Cuore

Lo studio clinico, condotto in Giappone, è il primo al mondo e ha utilizzato cellule staminali pluripotenti indotte ottenute in laboratorio e trapiantate sul cuore del paziente.

Un cuore che non riceva il corretto apporto di ossigeno è destinato a morire. I tessuti si atrofizzano e non riescono più svolgere la loro funzione mandando il paziente incontro al rischio di infarto del miocardio. Si parla allora di cardiopatia ischemica, una delle prime ragioni di mortalità al mondo. Infatti, la causa di questa situazione è l’aterosclerosi che concorre all’ostruzione delle coronarie e aumenta il rischio di infarto e di angina pectoris. Per contrastare questa realtà nosologica i ricercatori hanno puntato all’utilizzo di cellule staminali e un team di ricerca guidato dal prof. Yoshiki Sawa, del Dipartimento di Chirurgia Cardiovascolare dell’Università di Osaka, è così riuscito a eseguire il primo trapianto di cellule muscolari cardiache al mondo.

Tali cellule sono state ottenute da cellule staminali pluripotenti indotte (iPSC) del paziente stesso, sono state coltivate in laboratorio e, per la prima volta, sono state trapiantate, al posto di un nuovo organo, sul paziente. Si perché quando l’angioplastica o il bypass non siano più sufficienti, gli individui affetti da cardiopatia ischemica sono costretti a sottoporsi a un trapianto di cuore. Il prof. Sawa, che ha alle spalle una lunga esperienza in fatto di trapianti cardiaci e ha una grossa esperienza nel settore della terapia genica e della medicina rigenerativa, ha studiato la possibilità di prelevare cellule della pelle e del sangue per riportale ad uno stato embrionale pluripotente. È così che ha ottenuto le iPSC del paziente stesso. Tali cellule sono state poi indotte a differenziarsi in cellule cardiache da somministrare al cuore malato, sperando di vederle crescere e rimpiazzare quelle non più funzionanti per risparmiare così al paziente un intervento invasivo come il trapianto che, nei soggetti particolarmente debilitati, non è privo di rischi.
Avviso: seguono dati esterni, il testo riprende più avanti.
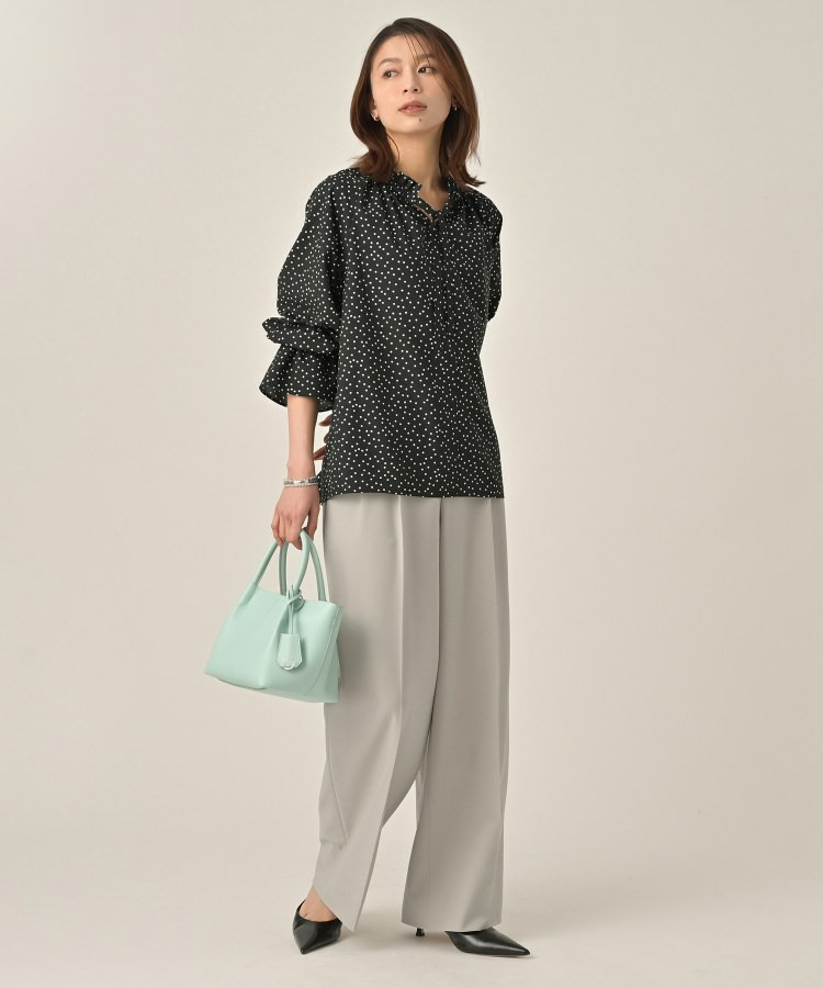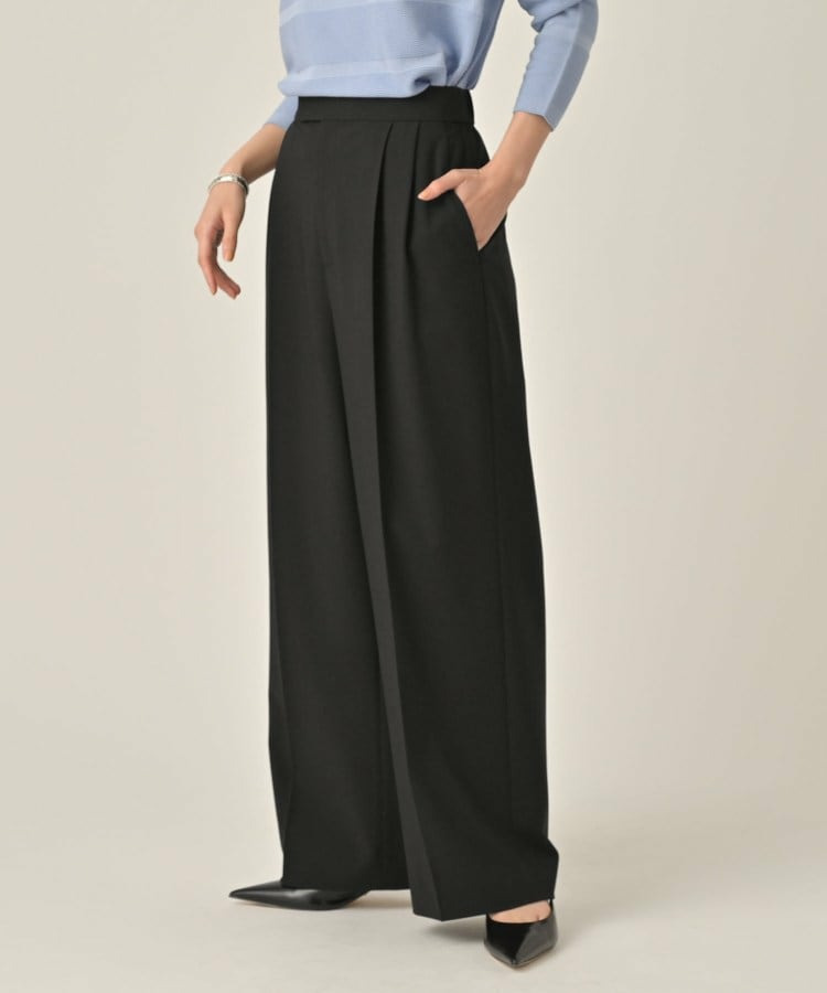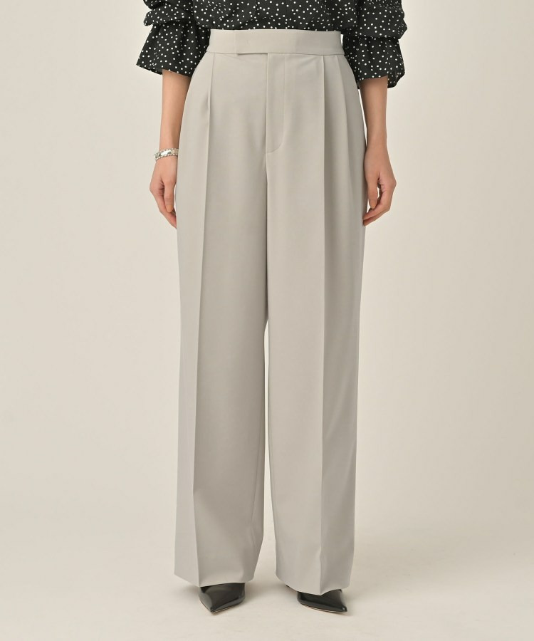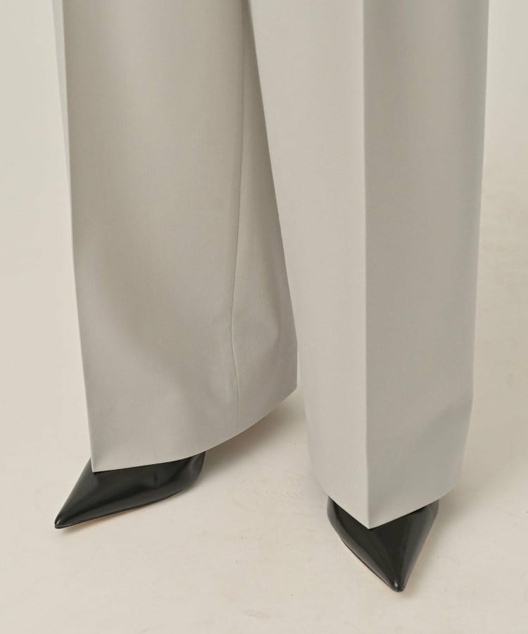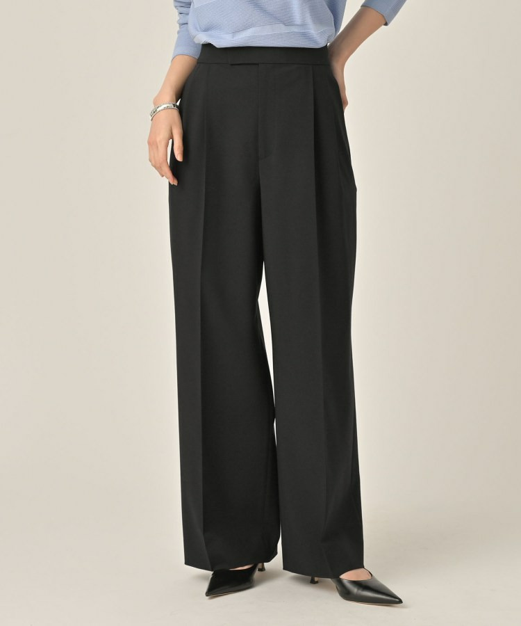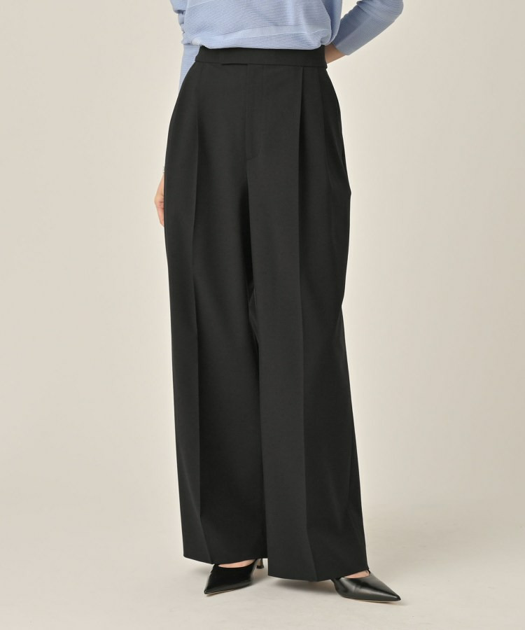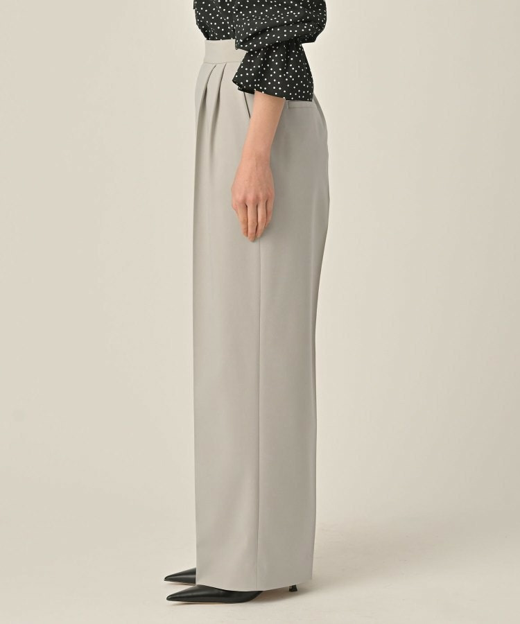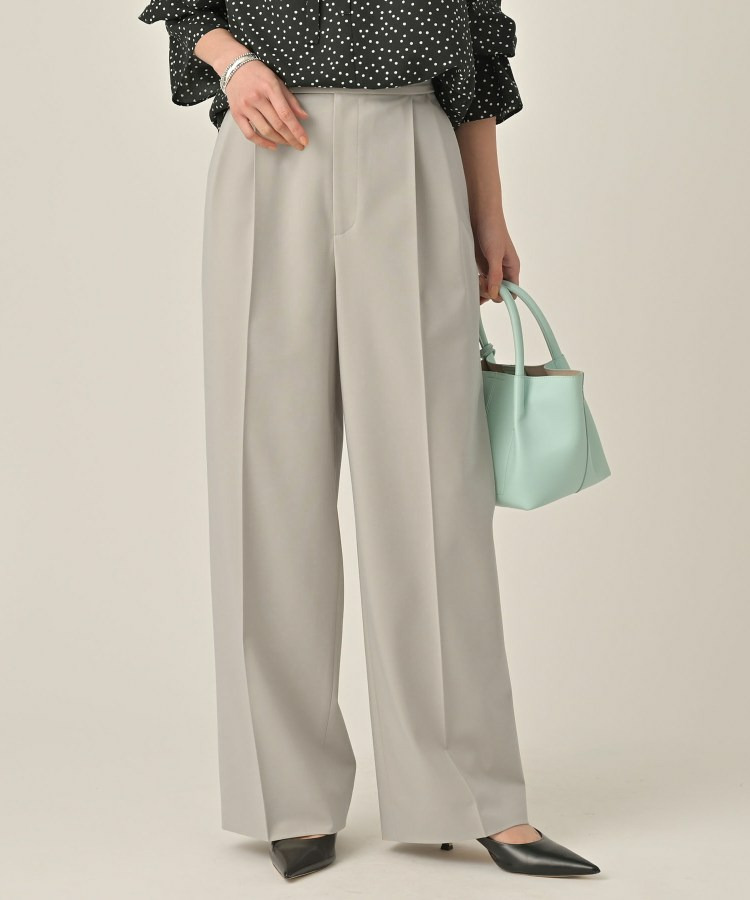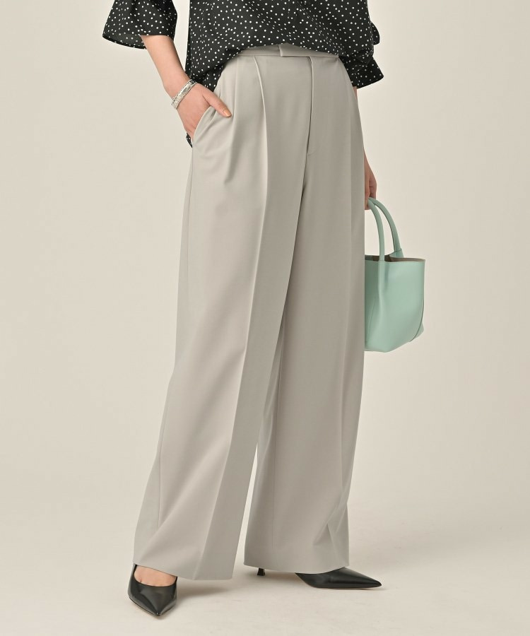 腰周りには余裕をもたせつつ、裾に向かって程よく広がるワイドシルエットが脚を長く見せてくれます。

Ma come si è svolta nel dettaglio l’operazione condotta da Sawa e dai suoi colleghi? Le cellule da trapiantare sono stare fatte crescere in coltura su speciali foglietti degradabili larghi poco più di 4-5 centimetri e dello spessore di 0,1 millimetri. A questo punto i foglietti sono stati posizionati direttamente sulla superficie del cuore danneggiata e, una volta che le cellule saranno cresciute e avranno iniziato a produrre le proteine necessarie per la rigenerazione dei vasi sanguigni e il miglioramento della funzionalità cardiaca, il cuore stesso del paziente ricomincerà a funzionare adeguatamente.

Sawa e la sua equipe hanno avviato le pratiche per l’apertura di una sperimentazione clinica per valutare la sicurezza e l’efficacia di queste cellule e, nel giro di breve tempo, sono giunti all’operazione. In seguito ad essa il paziente affetto da una grave disfunzione cardiaca è stato dimesso e tenuto sotto stretta osservazione all’interno di un reparto di medicina generale dell’ospedale. Le sue condizioni, a detta dei medici, sono buone ma continuerà ad essere monitorato dai medici che lo stanno seguendo. Anche perché il primo, e più importante obiettivo dello studio clinico, rimane una rigorosa valutazione dei rischi, in particolare delle probabilità che le cellule possano perdere il controllo e moltiplicarsi ininterrottamente finendo con l’essere causa dello sviluppo di tumori. Un’eventualità che i ricercatori giapponesi devono assolutamente evitare se vogliono che il loro protocollo nel giro di pochi anni possa essere adottato in clinica e migliorare il trattamento di milioni di pazienti che oggi soffrono di queste problematiche cardiovascolari. Infatti, l’obiettivo del medico giapponese è trattare altri dieci pazienti nei prossimi tre anni e giungere quanto prima all’approvazione di questa pratica clinica da parte del Ministero della Salute giapponese.

Si tratta di un’ulteriore conferma dell’interesse per il settore della medicina rigenerativa da parte del Paese del Sol Levante che, con questo, porta a due gli studi clinici basati sulle iPSC, dopo quello condotto presso i laboratori dell’Istituto di Ricerca Riken, su pazienti affetti da patologie dell’occhio.